I would like you to output every record below exactly, apart from the pictures.

(Items listed in a dataset)
<<<<

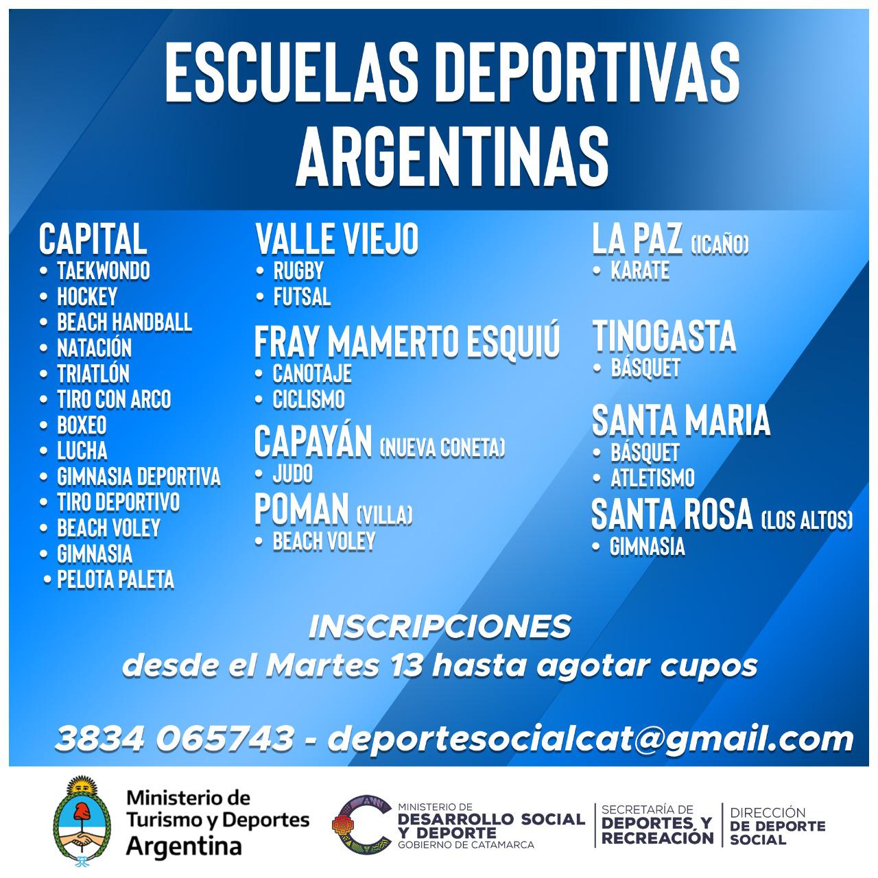 La Secretaría de Deportes del Ministerio de Desarrollo Social y Deportes de la provincia, comenzará con las inscripciones para las 26 Escuelas Deportivas Argentinas que impulsa la Secretaría de Deportes de la Nación que conduce Inés Arrondo y que dependen del Ministerio de Turismo y Deportes que comanda Matías Lammens.
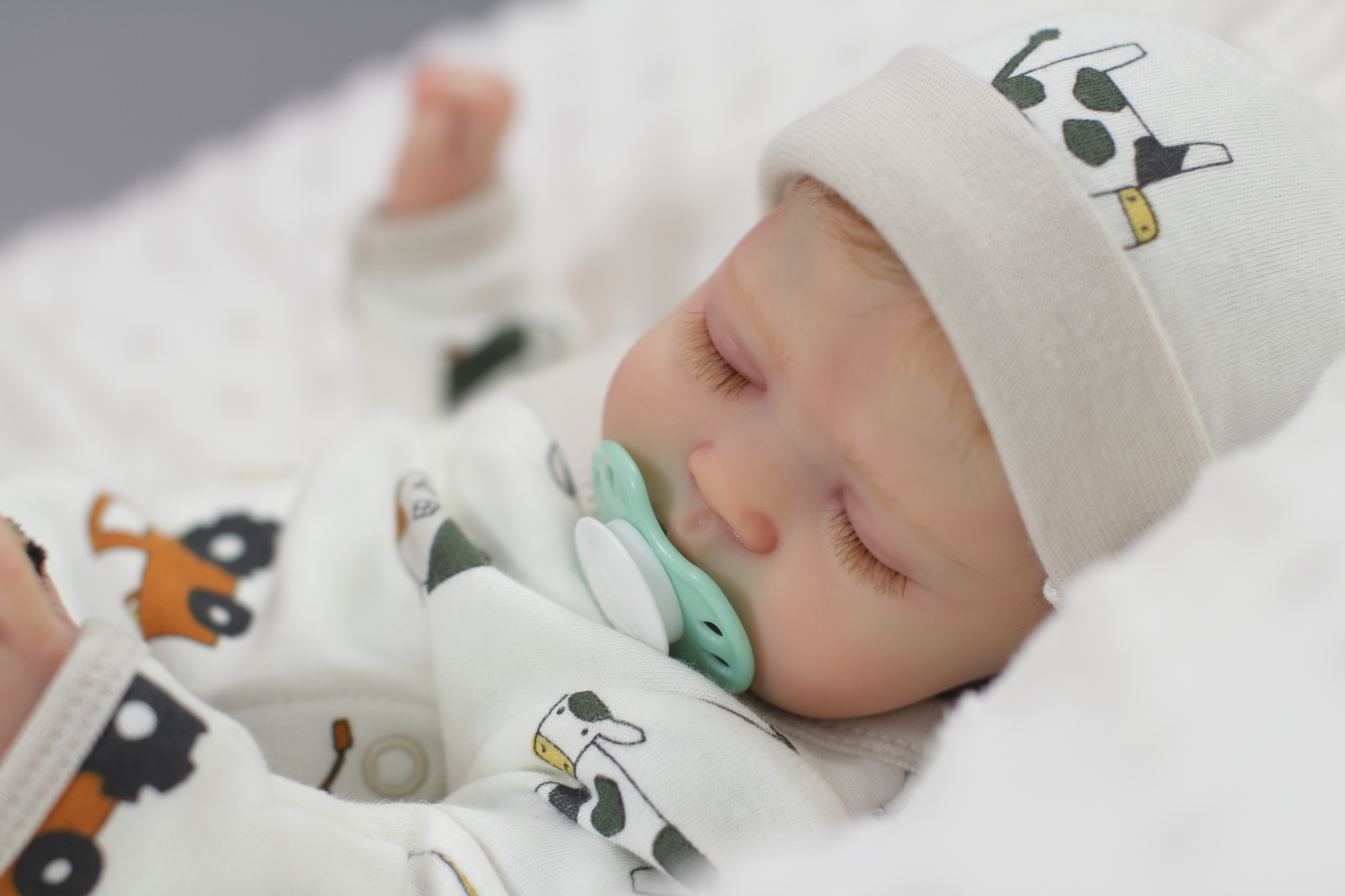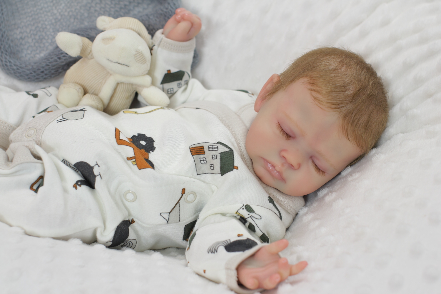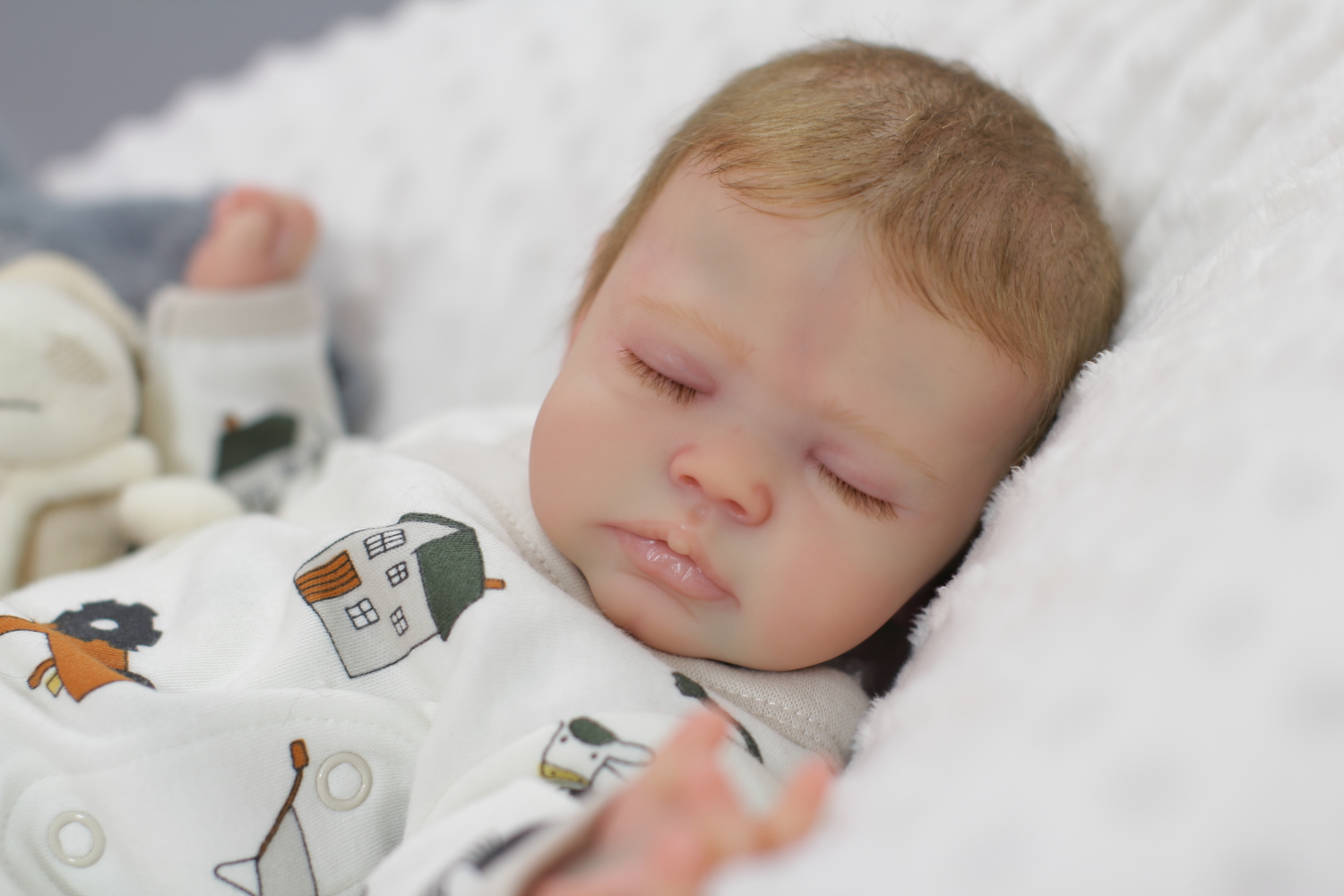 On open eyed babies only high quality polyglass or glass eyes are used, they are specially designed to resemble ultra realistic baby eyes in every detail.
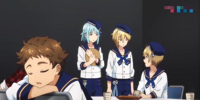 休息室门被打开,紫之创和仁兔成鸣从外面走进来,其中紫之创手里还端着给明星昴流泡的茶。
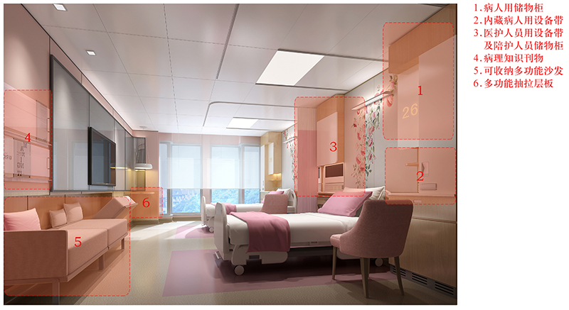 病房設置了一體化設備集成,將病人用儲物柜,醫護人員操作臺及設備帶,住院記錄單等都集成在整體家具柜內,突破傳統,充分利用使用空間
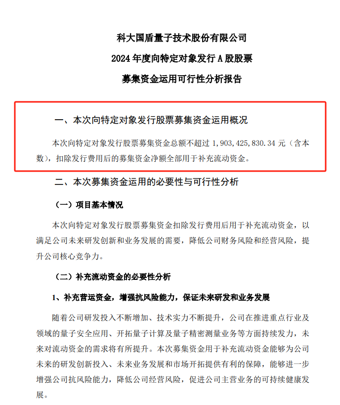 而谋求高质量发展背后,国盾量子,当前最急需的实则是通过定增募资获得新的资金补充,支撑公司在量子技术开发与迭代和市场开拓等工作上需要投入的高额费用。
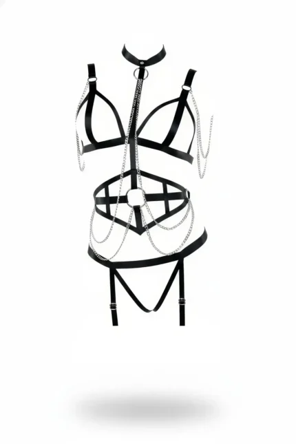 Black Harness Set with Chain Detail, Choker Neckline and Garter Belt – SH299

>>>>

_Response below_.
 La Secretaría de Deportes del Ministerio de Desarrollo Social y Deportes de la provincia, comenzará con las inscripciones para las 26 Escuelas Deportivas Argentinas que impulsa la Secretaría de Deportes de la Nación que conduce Inés Arrondo y que dependen del Ministerio de Turismo y Deportes que comanda Matías Lammens.
 On open eyed babies only high quality polyglass or glass eyes are used, they are specially designed to resemble ultra realistic baby eyes in every detail.
 休息室门被打开,紫之创和仁兔成鸣从外面走进来,其中紫之创手里还端着给明星昴流泡的茶。
 病房設置了一體化設備集成,將病人用儲物柜,醫護人員操作臺及設備帶,住院記錄單等都集成在整體家具柜內,突破傳統,充分利用使用空間
 而谋求高质量发展背后,国盾量子,当前最急需的实则是通过定增募资获得新的资金补充,支撑公司在量子技术开发与迭代和市场开拓等工作上需要投入的高额费用。
 Black Harness Set with Chain Detail, Choker Neckline and Garter Belt – SH299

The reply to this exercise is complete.